Our agreement analysis process automates extracting crucial information from legal texts, aimed at reducing manual work for legal professionals. It is based on two main stages:

  • Document Pre-Processing: Initially, we examine the document to highlight key features such as legal terms and clause structures, preparing it for in-depth analysis.
  • Clause Identification and Fact Extraction: Using a specialized model, we then identify specific legal clauses and extract important facts from them, such as parties involved and their contract obligations.

This method ensures efficient and accurate document analysis, freeing up legal experts to focus on more complex tasks. Initially trained on a dataset of 50 documents, the system has a potential to process large amounts of documents and learn to understand new types of agreements.


Tech Stack

We tested various machine learning models, including classification tree ensembles for accurate classification and information extraction from legal documents. We also used Gaussian Processes to predict the characteristics of different entity types in legal texts.

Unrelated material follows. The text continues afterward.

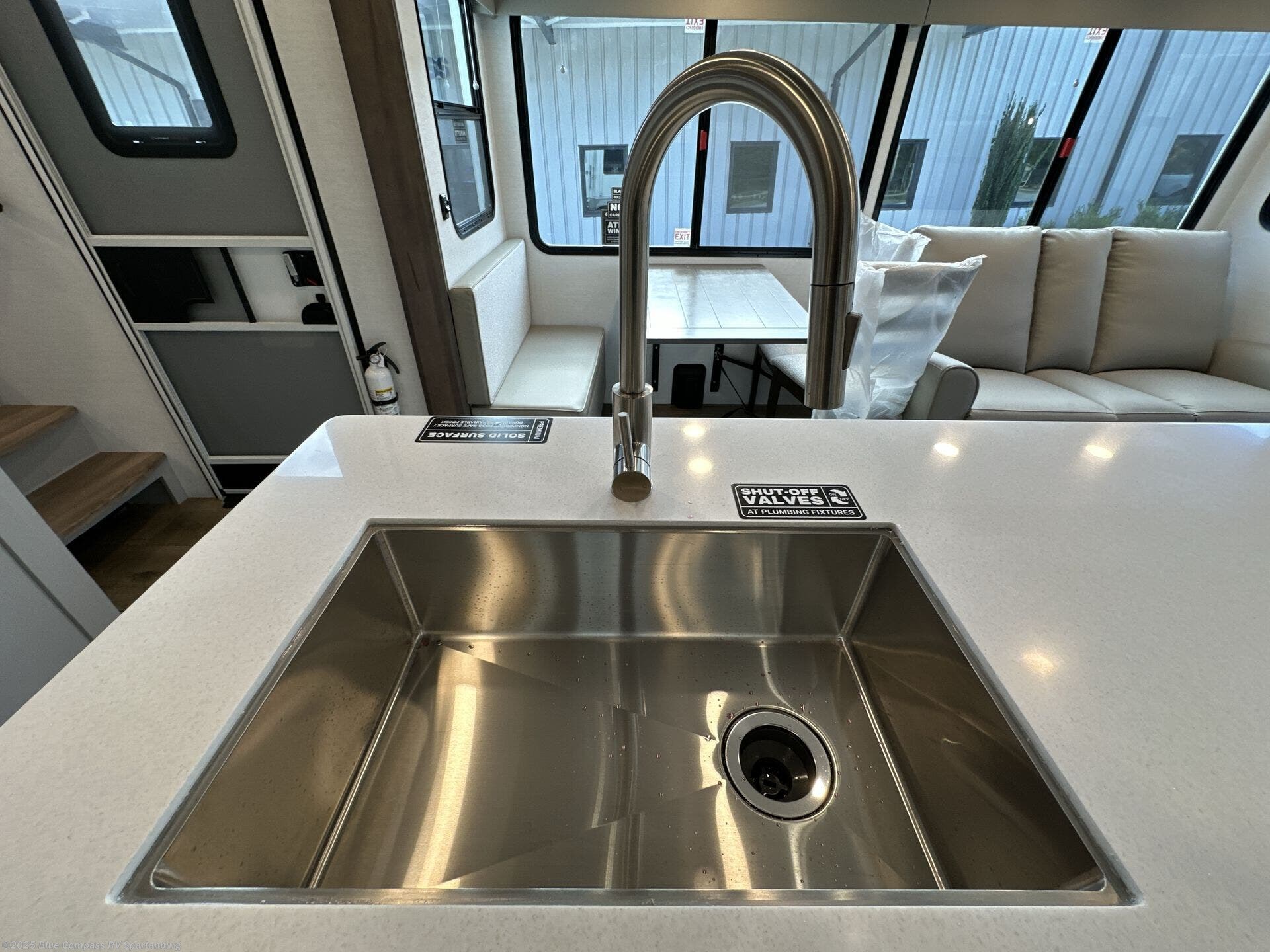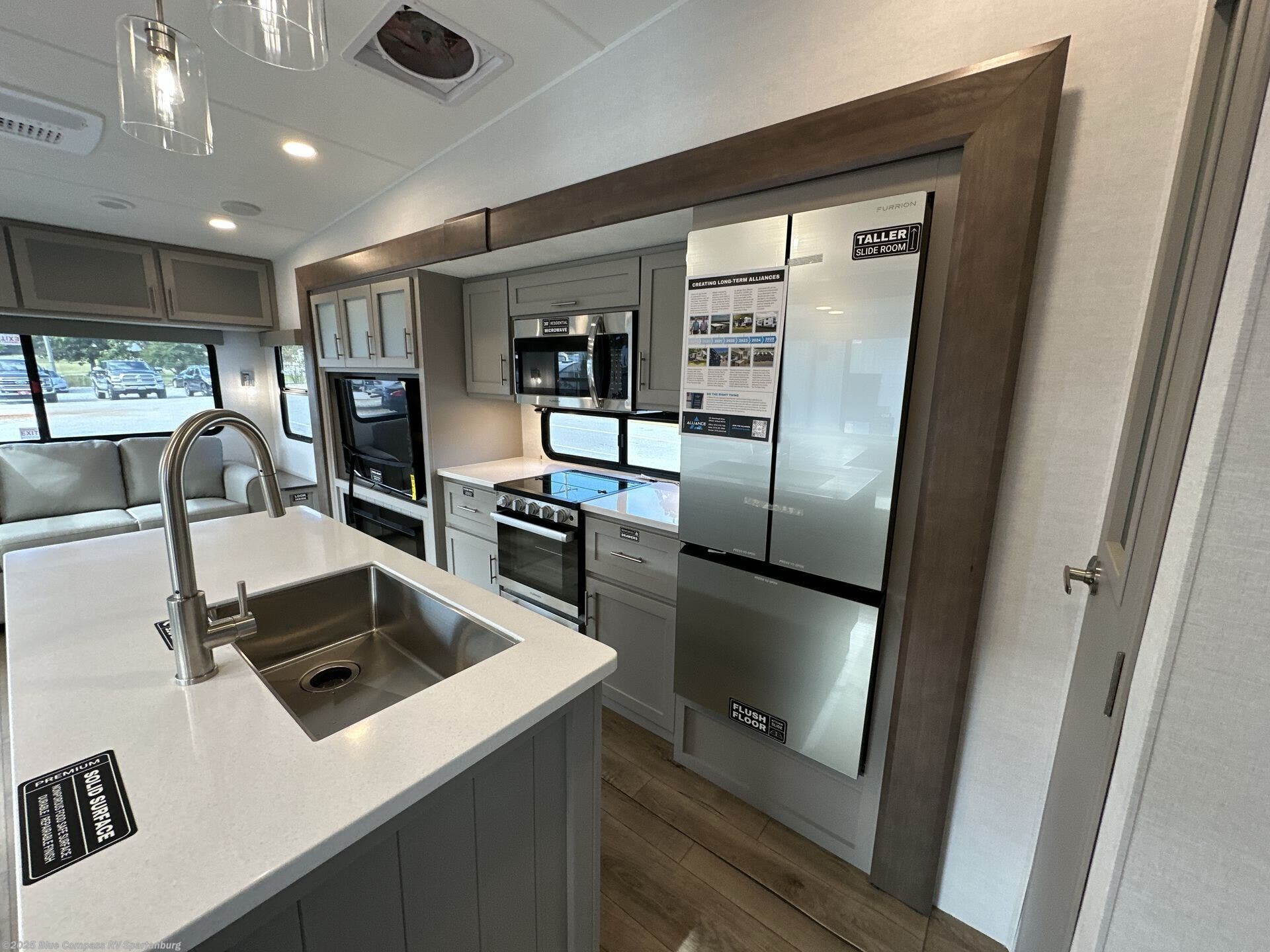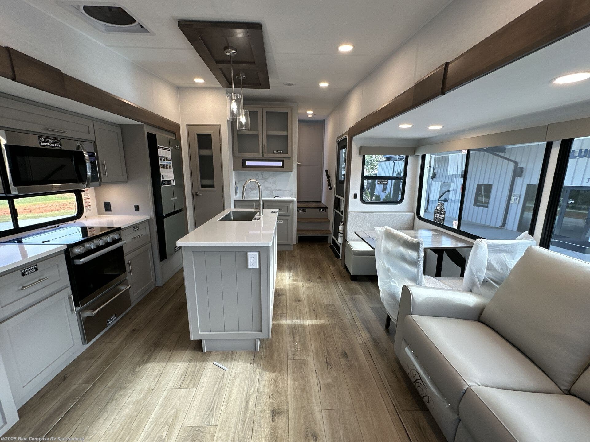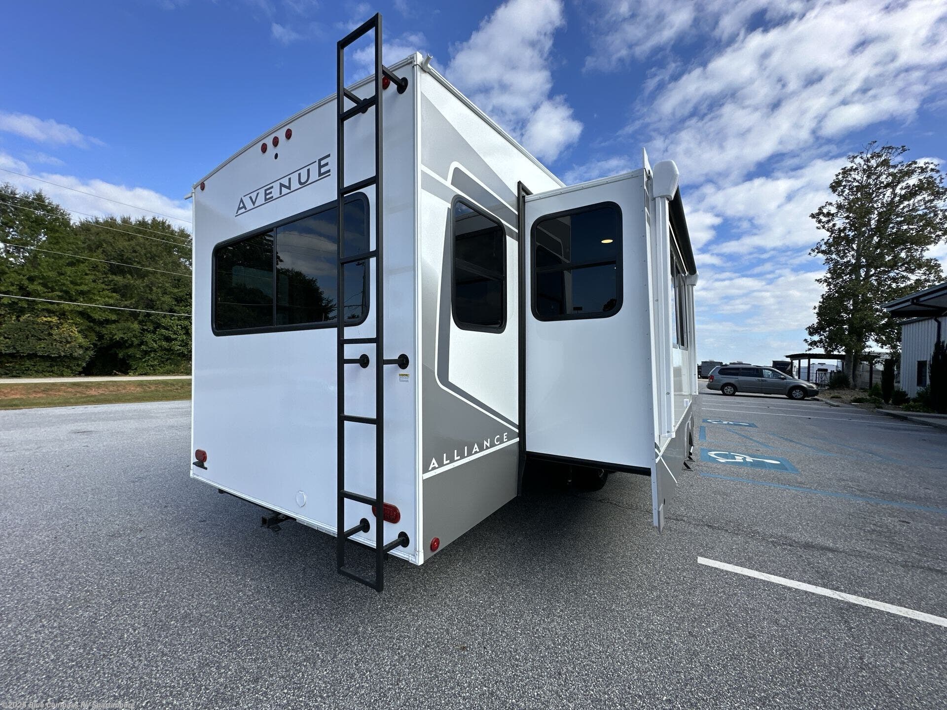 A benchmark chassis creates a space saver upper deck with each one of these Avenue All-Access fifth wheels by Alliance RV! The 101 in. wide-body construction gives you more room to walk around and the flush slide out floors throughout prevent any tripping. There are Azdel composite sidewalls inside and out, and a seamless fully walkable PVC roof for extreme durability and zero maintenance. You are sure to love no carpet throughout making each Avenue All-Access easy to clean and allergen free, not to mention pet friendly. You can maximize your space throughout with innovative storage solutions like the hidden storage behind the TV, inside the end tables, ottoman, and dinette chairs. These units also include the OTG Solar Package with a 200 watt solar panel, 15 amp MPPT charger, multiple outlets, and more to keep you powered up!

Feature Selection and Optimization

  • We used TF-IDF feature vectors for initial analysis, enhancing them with dimensionality reduction to focus on the most relevant words from our training data.
  • To address the challenge of recognizing the same concept expressed differently, we incorporated Word2Vec embeddings. This method helps the system understand different phrasings of the same idea, ensuring stability across varied expressions.
  • During training, our system automatically chooses the most suitable feature type (Word2Vec or TF-IDF+PCA) and model based on the data, mirroring our flexible approach to model selection.

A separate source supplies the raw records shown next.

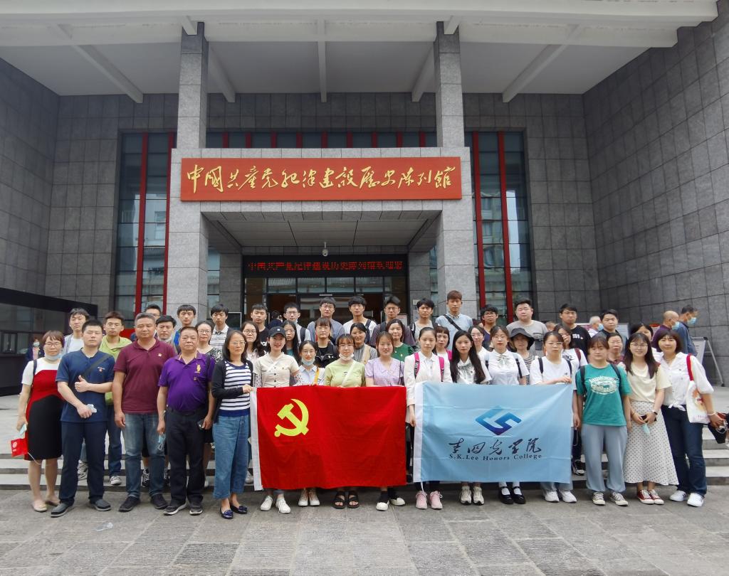 中国共产党纪律建设历史陈列馆紧邻中共五大会址,寓意着从党的监督执纪的起点出发,探寻监督执纪的伟大足迹,引导广大党员干部学史明理、学史增信、学史崇德、学史力行。陈列馆以《纪律建设永远在路上》为主题,以党的纪律建设历史为轴,利用405件(套)文物资料、700余幅珍贵历史照片,展现了纪律建设历程中涌现的一个个鲜活的人物故事。在讲解员生动的讲解下,前去参观的师生不仅了解到党纪律建设的丰富历史内容,更从这些历史人物的光辉事迹中汲取到了奋进的力量。
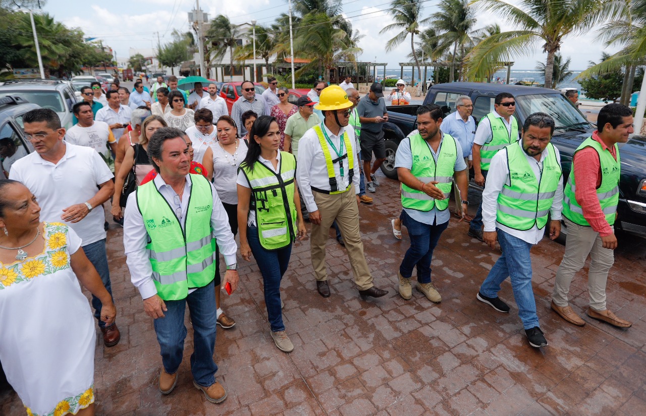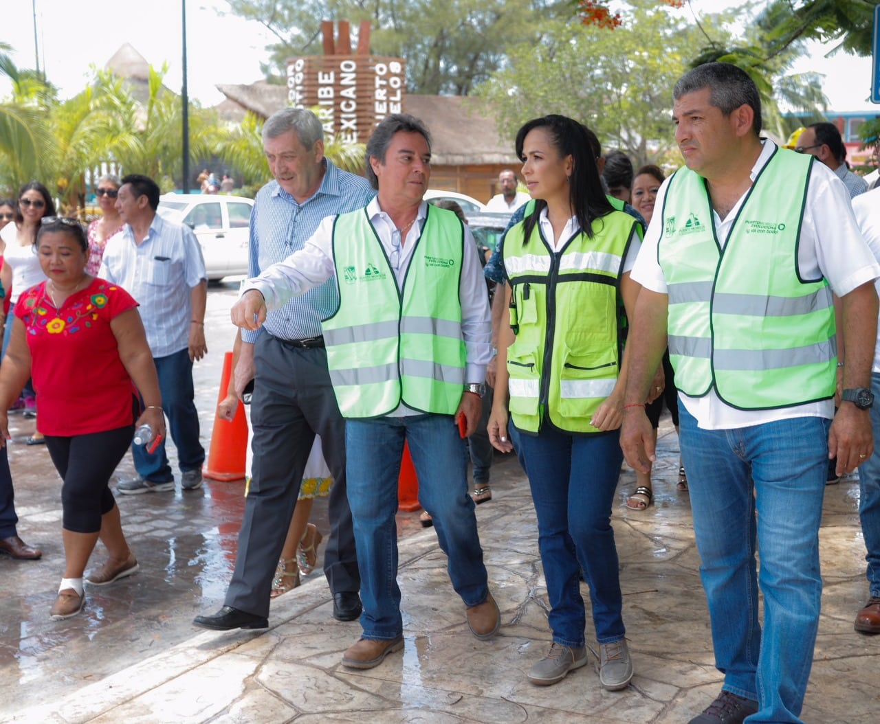 Puerto Morelos.- La presidenta municipal Laura Fernández Piña realizó hoy un recorrido de supervisión de las obras que se llevan a cabo en el primer cuadro del Casco Antiguo, como parte de la transformación y modernización del destino, a fin de constatar personalmente el avance que registran.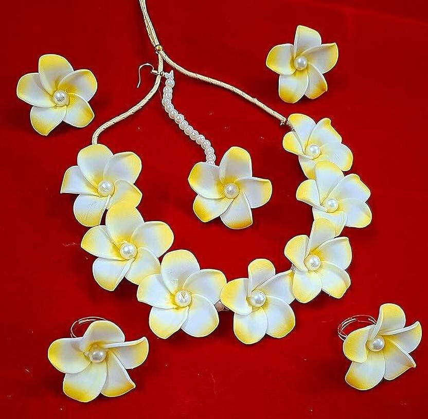 Artificial Flower Jewellery set - Soft and Easy to handle -Wearable in Wedding / Party / Baby Shower/ Bridal / Haldi / Mehndi /Baby shower Festive Season.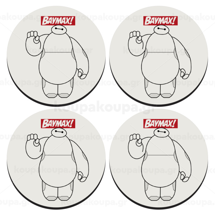 Baymax hi, SET of 4 round wooden coasters (9cm)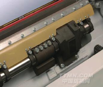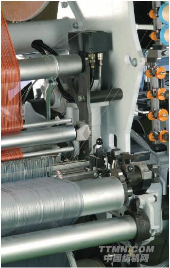 重新設計過的送經控制系統,保證了毛圈的勻稱性。根據動力學設計,這種新的帶有張力傳感器的擺動羅拉保證了經紗張力的直接重復讀取。在毛圈形成期間,系統的高靈敏度保證了張力在很大范圍的動態變化時經紗的正常運動,在鋼筘打緯時精確引導經紗運動。邊撐支架安裝在擺動滑塊上,與起圈裝置一起運動從而完成起圈,以避免經線松弛并保證布幅布面張力的一致。

Arbitration and Court Detection

Our system identifies arbitration and court references in contracts by analyzing sentences, based on the idea that each sentence usually discusses one arbitration-court pairing. We assumed that a single sentence might mention more than one arbitration or court case, so we've developed machine learning models with multiple outputs, using a mix of classification trees. Specifically, we employ a combination of classification trees, with 5 outputs corresponding to 5 court types present in the markup. For every court type the system finds, it assigns a number that matches it with a particular type of arbitration, helping us accurately spot and categorize these legal references and how they're connected.

Dispute Subtype Detection

Unlike other analyses, identifying dispute subtypes required examining entire dispute clauses, not just isolated sentences or paragraphs. This broader context allows us to better apply TF-IDF or Word2Vec features, further informed by the outcomes of a solution-rule classification to accurately determine the type of dispute being discussed.

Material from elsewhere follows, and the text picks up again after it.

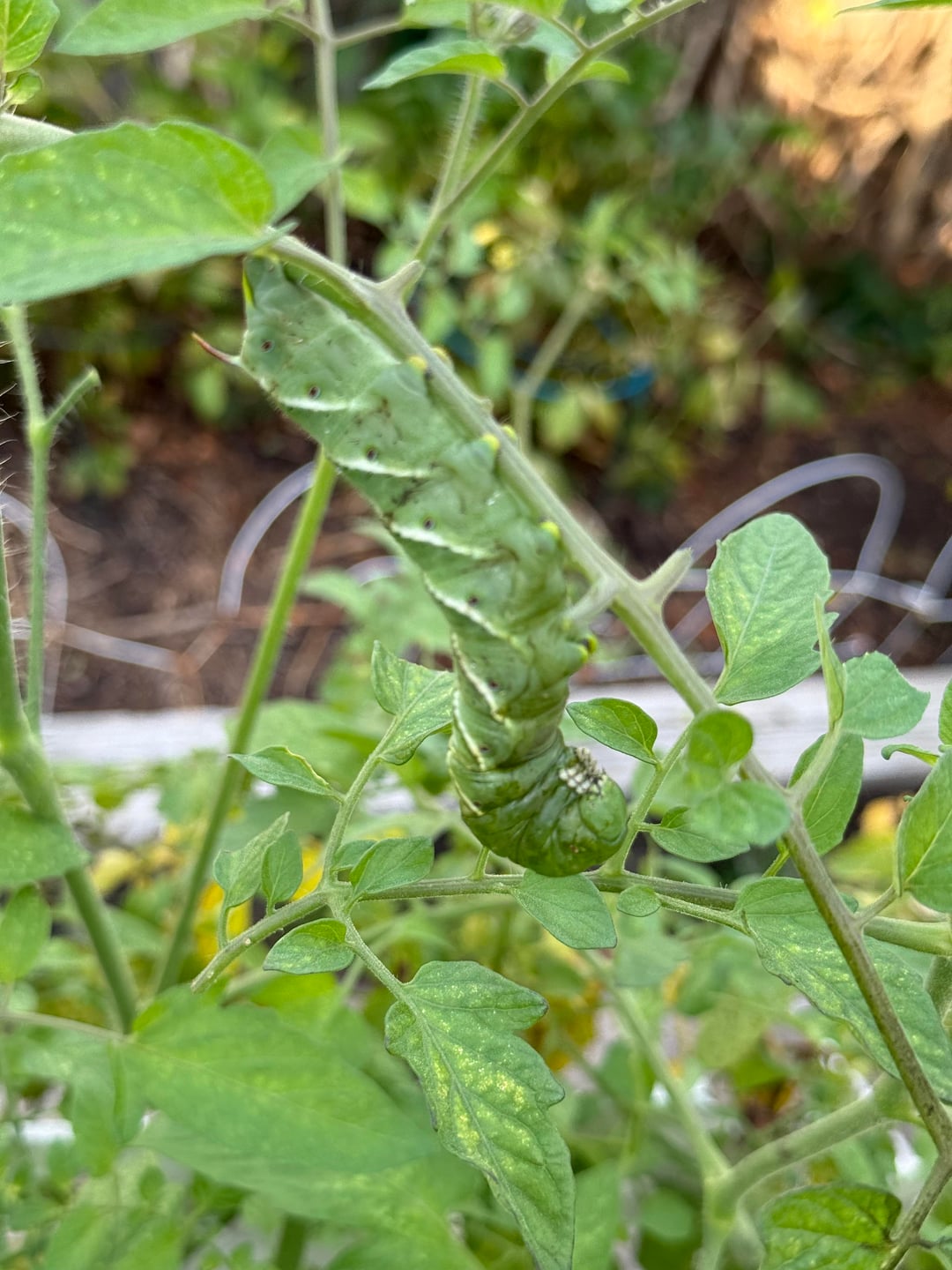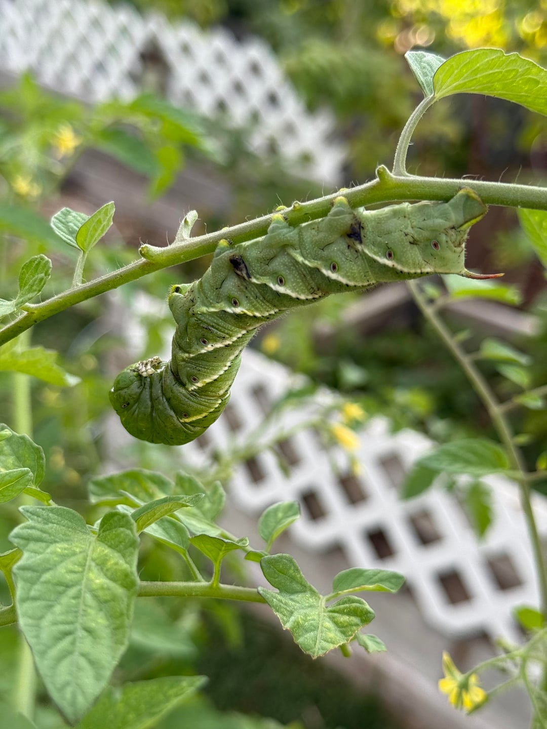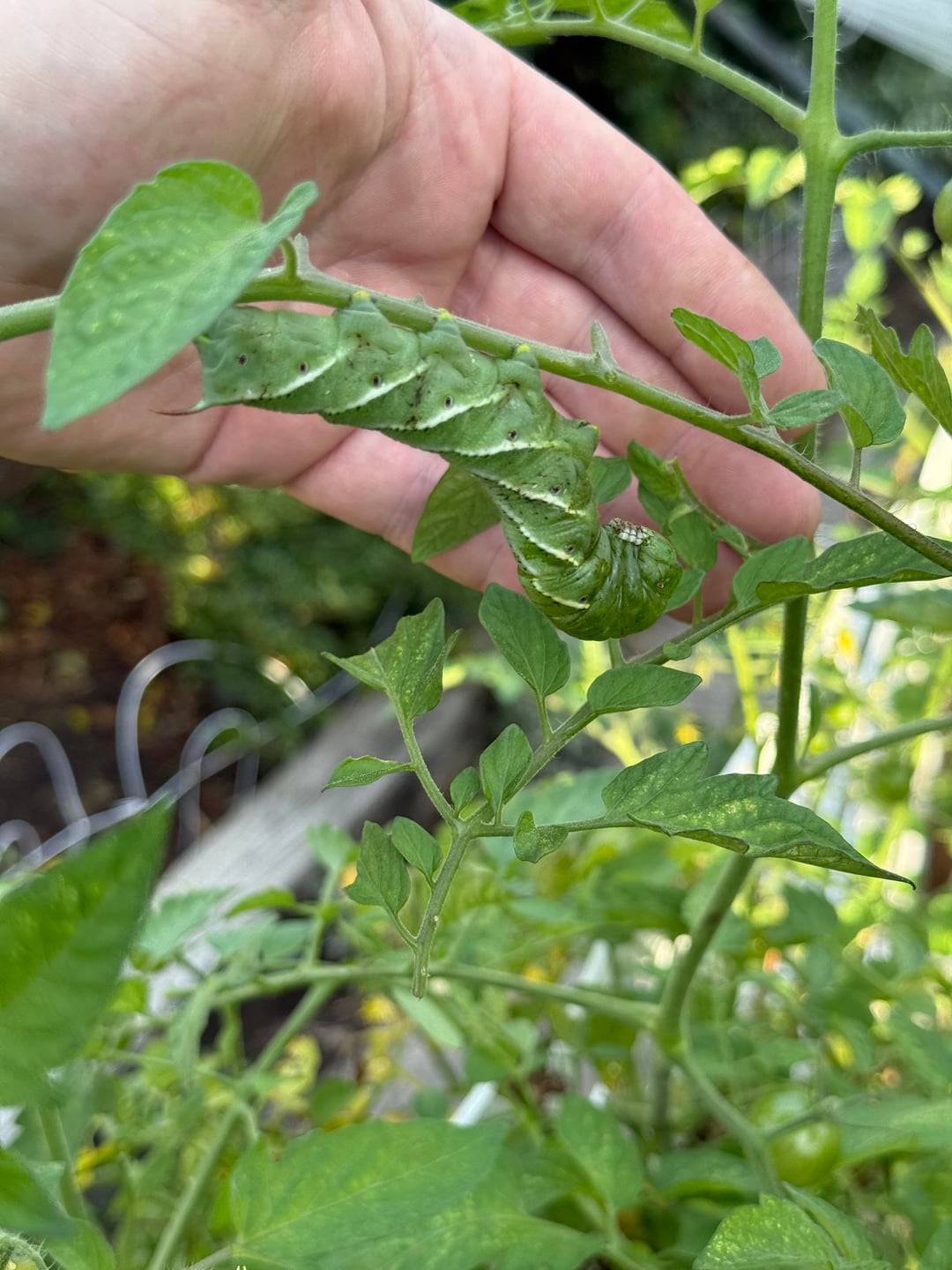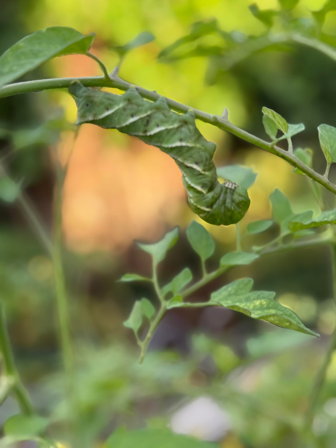 I’ve got native Nightshade in my yard that I transplant these worms to when I find them, since tomato plants are in the same family. Hawk moths are awesome creatures and great pollinators too, so I never kill them. People seem to take so much joy into finding new ways to kill them, as if they’re maliciously eating their plants. It’s just what they do. Not saying anyone should let them eradicate their gardens, but there’s always a happy medium.

Our AI-powered system has revolutionized contract analysis for our clients, making the review process faster, enhancing clause detection accuracy, and streamlining document management. Notable improvements include:

  • Enhanced Clause Detection: Our advancements have led to a remarkable over 95% accuracy rate in identifying various types of clauses and their intricate details, such as confidentiality terms, cost sharing arrangements, and complexities involved in multiparty and multi-contract scenarios.
  • Precise Identification of Text Elements: The system's refined capabilities allow for the precise identification of smaller text fragments, including legal terminologies, rules, and geographic details, and adeptly establishes the relationships between these elements, such as associating a legal rule with its corresponding solution.
  • Automated Large-Scale Data Analysis: The introduction of automated processing for vast data sets via HTTP REST/JSON API and a message bus, followed by orderly storage in Docker Images/Containers, has cut down document processing time by half, allowing for rapid scaling of document analysis.

These advancements result in a 50% reduction in the time required for contract processing, minimizing errors and freeing legal professionals to concentrate more on client interactions and less on manual document handling.